The Problem
Given an m x n integer matrix heightMap representing the height of each cell in an elevation map, compute the volume of water it can trap after raining.
The Initial Intuition
This problem is the three-dimensional extension of the classic Trapping Rain Water. In the 1D version, the idea was straightforward: for each bar, the water it holds depends on the tallest bar to its left and right. But in two dimensions, the water at a cell does not depend on just two directions — it depends on the entire contour surrounding it.
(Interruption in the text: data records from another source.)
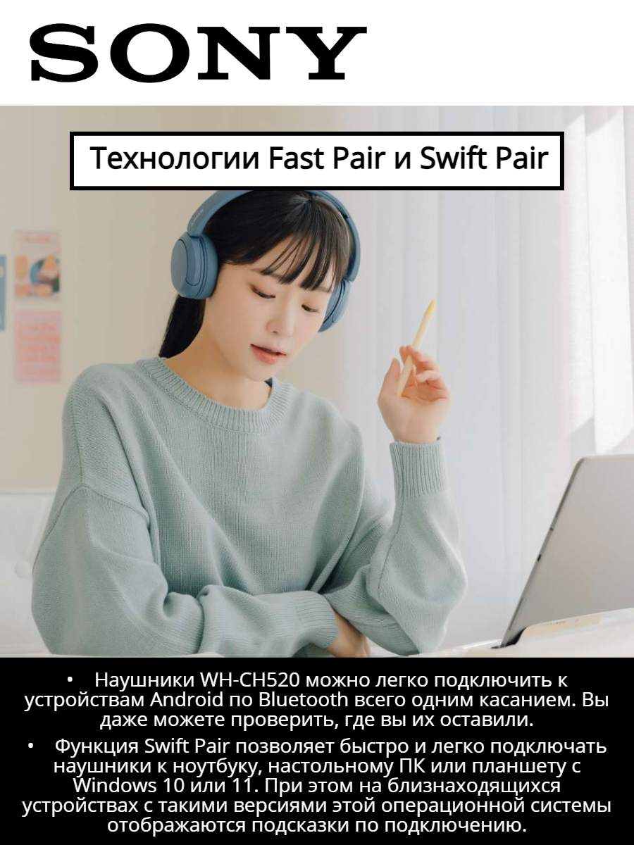СохранитьSony WH-CH520 blue наушники беспроводные накладные интересное:
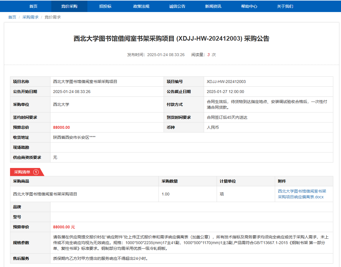 广发体育图书馆借阅室书架采购项目 (XDJJ-HW-202412003) 采购公告 作者:采购与招标办公室 编辑: 时间:2025-01-24 原公告链接:https://www.ejingcai.com.cn/site/bidding/detail/16453
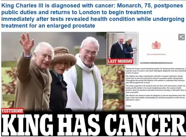 «Σοκ από τον καρκίνο του Καρόλου» γράφει η Mirror που επισημαίνει ότι η διάγνωση έρχεται 10 ημέρες μετά την επέμβαση για καλοήθη υπερπλασία προστάτη.
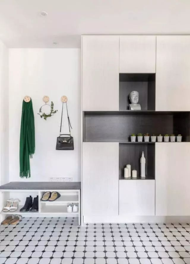 玄关柜黑白饰面,与地面方砖设计呼应,换鞋凳底部开放式搁板、卡座带插座,细节超走心。
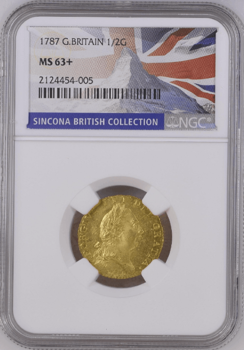 【動画あり】アンティークコイン グレートブリテン 1787年 ジョージ3世 1/2ギニー金貨 NGC-MS63+
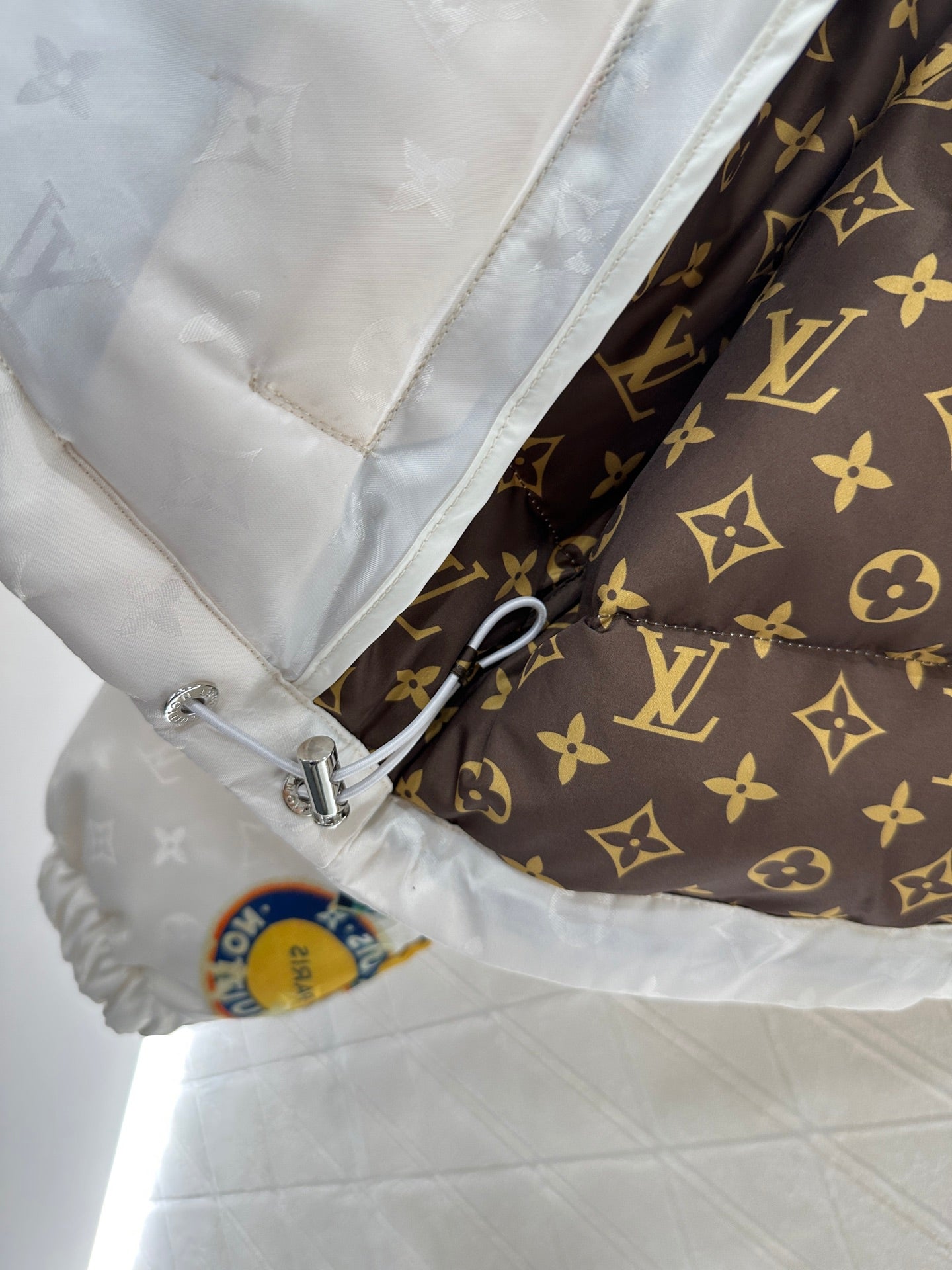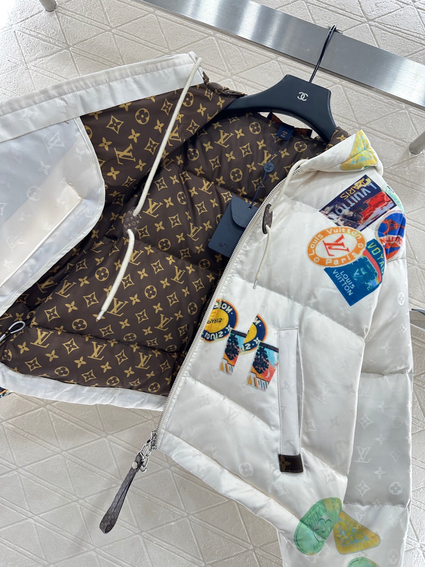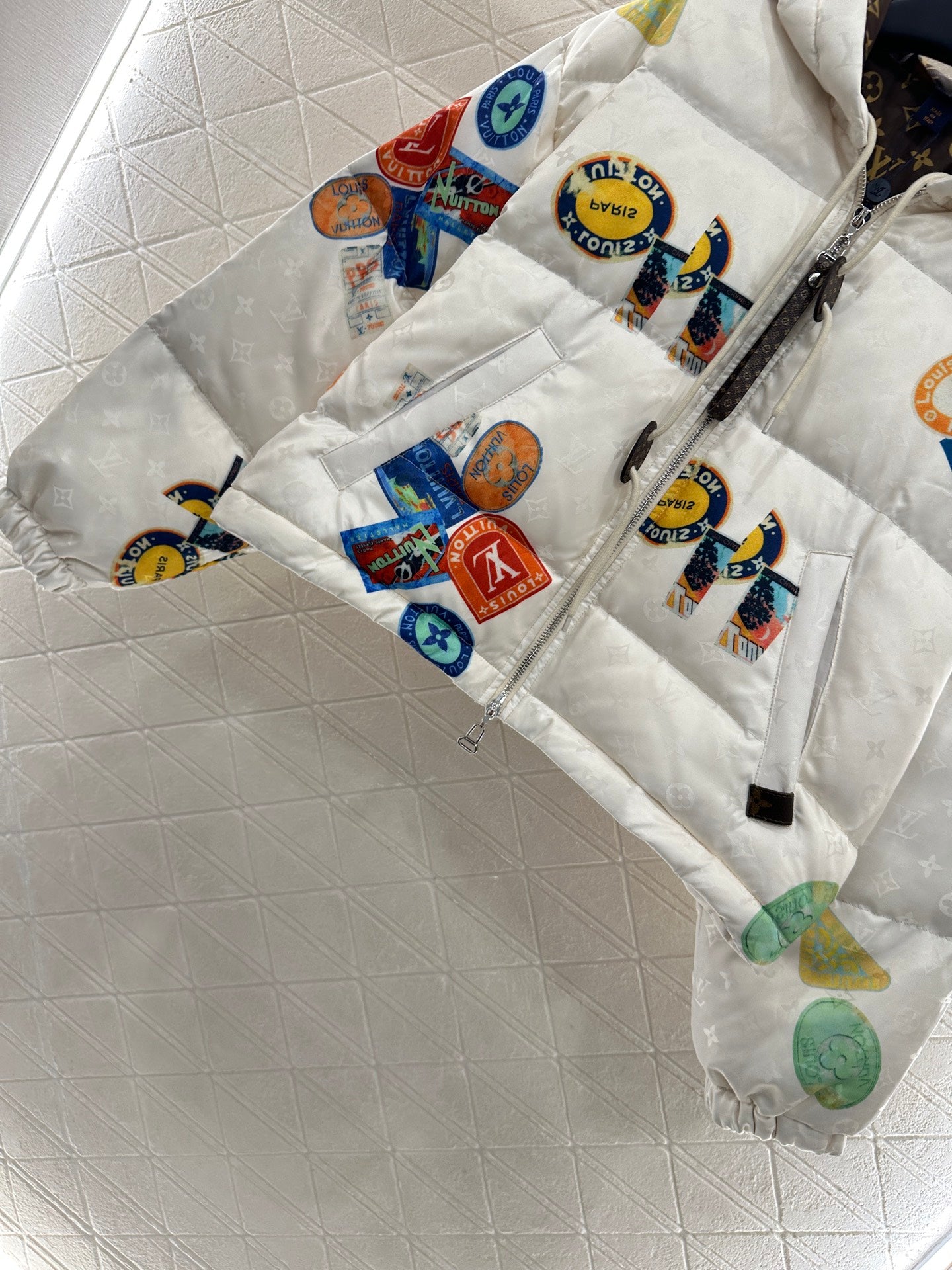 Made of windproof and water-resistant nylon and polyester, with a white duck down lining.

A cell can “leak” water through any path leading to the edge of the matrix.
My first reaction was to try generalizing two pointers, but I quickly realized that does not scale to 2D. The right question is not “what is the max to the left and right” but rather “what is the lowest path from this cell to the border.” And that led me to think about the problem from the outside in.
Thinking Like Water
Water always escapes through the lowest point on the boundary. If I imagine the terrain as an irregular pool, the water level is determined by the shortest wall. So instead of asking “how much water fits here?” for each cell, I should ask “how high can the water rise before it spills over?”
This suggests a greedy approach: start from the borders, which are cells that cannot hold water, and expand inward by always processing the lowest-height cell first. If an interior cell is lower than the current boundary level containing it, the difference is trapped water.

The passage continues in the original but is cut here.